HENRY DEEDES sees Alex Chalk provide the Commons with pizzazz

The new minister was as slick and fluid as a can of Castrol GTX: HENRY DEEDES sees Alex Chalk provide the Commons with a classy injection of pizzazz during his first Questions as Justice Secretary since replacing Dominic Raab

The Ministry of Justice has become something of a ministerial black hole lately.

The brutalist doorway to the department seems to gobble up the careers of those who enter with the remorselessness of a giant waste-disposal unit.

Dominic Raab, Brandon Lewis, Sir Robert Buckland – all have donned the Lord Chancellor’s traditional gold-trimmed robes in recent years, only to see their parliamentary roles reduced to twiddling their thumbs and warming their behinds on the government backbenches.

Before that, David Cameron and Theresa May upset the notoriously tough-to-please snoots in the judiciary by appointing a succession of (shock, horror!) non-lawyers. Michael Gove, Liz Truss, Chris Grayling were each given a crack. None exactly set the department on fire.

Mr Grayling, as I recall, was such a bungler he had to be shunted off to be Leader of the House. How terrifying to think he might have been called upon to perform the ceremonial duties Penny Mordaunt carried out so consummately at the Coronation.

New Secretary of State for Justice Alex Chalk took his first Justice Questions today 

HENRY DEEDES: The Ministry of Justice has become something of a ministerial black hole lately

You’d no more entrust Mr Grayling to hoist a weighty ceremonial sword aloft for an hour or so than hand Lord Prescott a bag of chocolate bon-bons for safe keeping.

Since Mr Raab’s exit, the latest minister to slurp from the MoJ’s poisoned chalice is Alex Chalk, a figure with the spindly frame of an NBA basketball player.

Mr Chalk is one of those MPs tipped for a Cabinet position over the past couple of years, but nevertheless he remains something of an unknown quantity in Parliament’s scorpion-infested corridors.

Today, we got a chance to take a closer look at what he’s made of when he took his first Justice Questions.

How’d he do? Well, the first thing to note was his unfailingly courteous manner. One of the charges against Mr Raab was that he had a tendency to be somewhat gruff. Too gruff by half, according to the Civil Service snowflakes.

Mr Chalk, by contrast, is a model of courtly manners. Each response to a question, however curt, he began with a dainty ‘I’m so grateful to my Right Honourable friend’, or ‘I thank her for the important work that she does’.
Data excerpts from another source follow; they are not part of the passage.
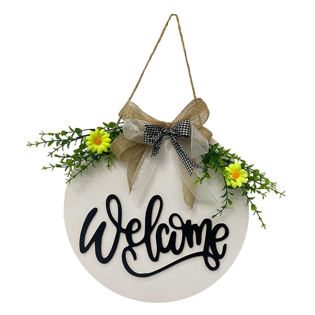 Welcome Sign for Front Door Door Wreath Ornament with Rope Wood Sign Door Hanger with Bow for Holiday Home Porch Decoration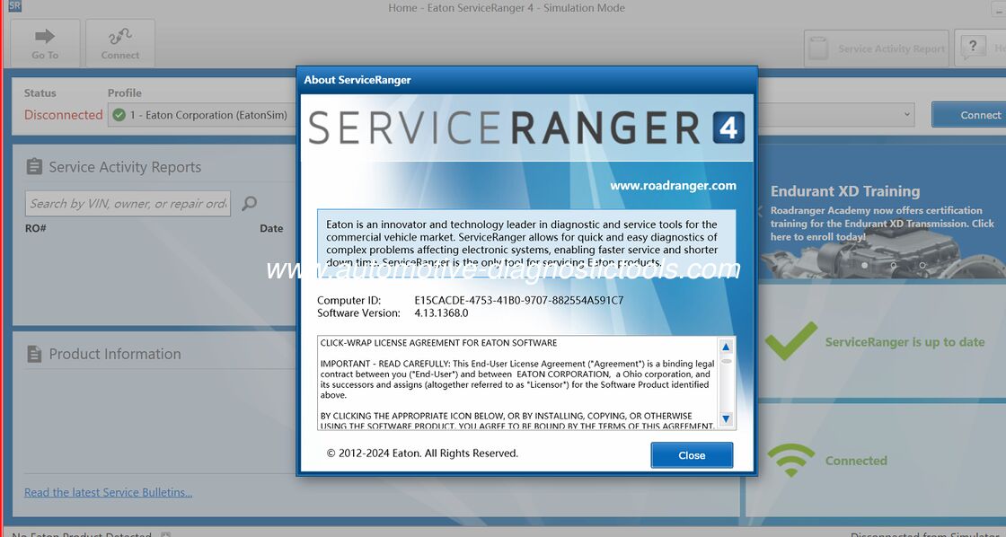 Ο Μάγος σύνδεσης στο 4.13 καθοδηγεί τους χρήστες μέσω μιας σειράς ερωτήσεων σχετικά με το όχημά τους και τον προσαρμογέα επικοινωνίας για να δημιουργήσει αυτόματα ένα προφίλ ρυθμίσεων σύνδεσης.Δείχνει επίσης εάν απαιτείται καλώδιο διασταύρωσης. Στην ουσία, το Eaton ServiceRanger 4.13 είναι ένα ολοκληρωμένο εργαλείο που δίνει τη δυνατότητα στους τεχνικούς να διαγνώσουν, να λύσουν προβλήματα και να εξυπηρετήσουν αποτελεσματικά τις αυτόματες μεταδόσεις του Eaton,με το πρόσθετο όφελος του Μάγιστα σύνδεσης για να απλοποιήσει τη διαδικασία σύνδεσης.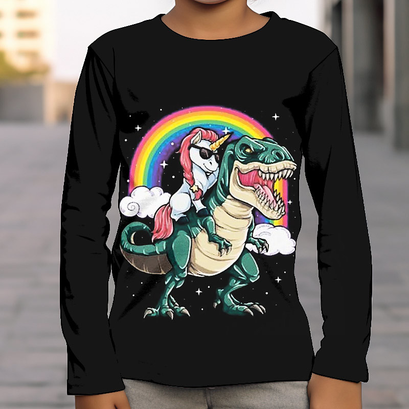 Boys 3D Graphic Galaxy Dinosaur T shirt Tee Long Sleeve 3D Print Summer Spring Fall Sports Fashion Streetwear Kids 3-12 Years Outdoor Casual Daily Regular Fit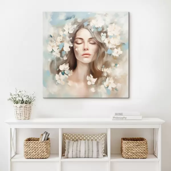 Pictură pe pânză Portret abstract al unei femei cu flori sub formă de tușe Nr s45450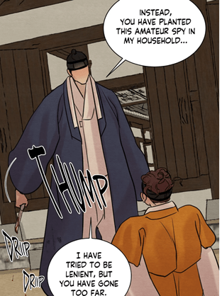But what he didn’t expect is that the noble would rush to the teacher’s room, and not to the study. However, his delay could be explained differently. He had been busy giving the sentence to Deok-Jae, the straw mat beating. And this leads me to the following observation: denunciation. In chapter 28, Deok-Jae covered up for Kim’s betrayal, for he hoped that Kim would come to protect him.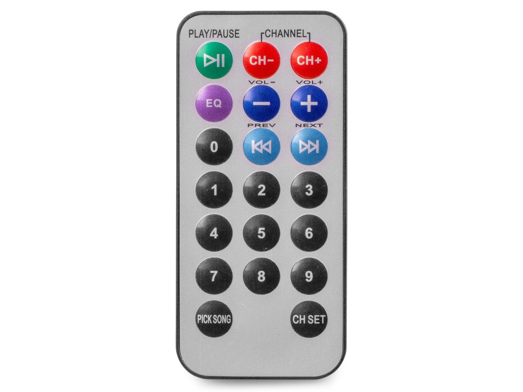 - Příslušenství v balení: 2x distanční tyč, drátový mikrofon, dálkový ovladač, reproduktorové kabely, napájecí kabel, obal, přepravní vozík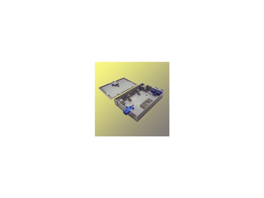 Malý plastový rozvaděč pro odbočkování z hlavního vedení. Umístění 6-ti svarků, 1x průchozí kabel hlavního vedení, 4 výstupní porty. Výstupní porty lze osadit adaptéry pro SC simplex, E2000 a duplexní LC asoučástí je adaptér pro pigtail kabely (6 otvorů,3mm průměr).150x104x27 mm.

During Mr Chalk’s days as a prosecutor, dewy-eyed jurors must have swooned under such charm offensives.

The delivery, too, was free from the usual wobbles we hear at the despatch box. No ums, no ers, in his responses. And there was a welcome absence of horrid corporate-speak. Instead, he was as slick and fluid as a can of Castrol GTX.

Over the course of an hour, we heard the usual grumbles about court backlogs, human rights law and the availability of legal aid (or lack of it – nothing irritates all these former lawyers in Commons than seeing their learned friends being denied their spondoolicks).

HENRY DEEDES: Following Dominic Raab’s (picture) exit, the latest minister to slurp from the MoJ’s poisoned chalice is Alex Chalk, a figure with the spindly frame of an NBA basketball player

Mr Chalk, though, provided the session with a classy injection of pizzazz. At one point, he described trial by jury as ‘the very lamp of our liberty’ which provoked admiring coos in the press gallery.

Meanwhile, opposition MPs seemed to appreciate they were now dealing with a sharper, shrewder performer.

SNP justice spokesman Stuart McDonald graciously acknowledged Mr Chalk was a ‘measured, principled parliamentarian who is very serious about the rule of law’. Even shadow justice secretary Steve Reed, who fancies himself a bit of an attack dog, seemed happy to confine himself to circling his new opponent cautiously for the time being.

Back in his constituency, things are said to be looking precarious for Mr Chalk. His Cheltenham seat is vulnerable, with Lib Dems eyeing it ravenously. But if he can cling on to it, who knows where his career might head next. One to watch, as the tipsters say.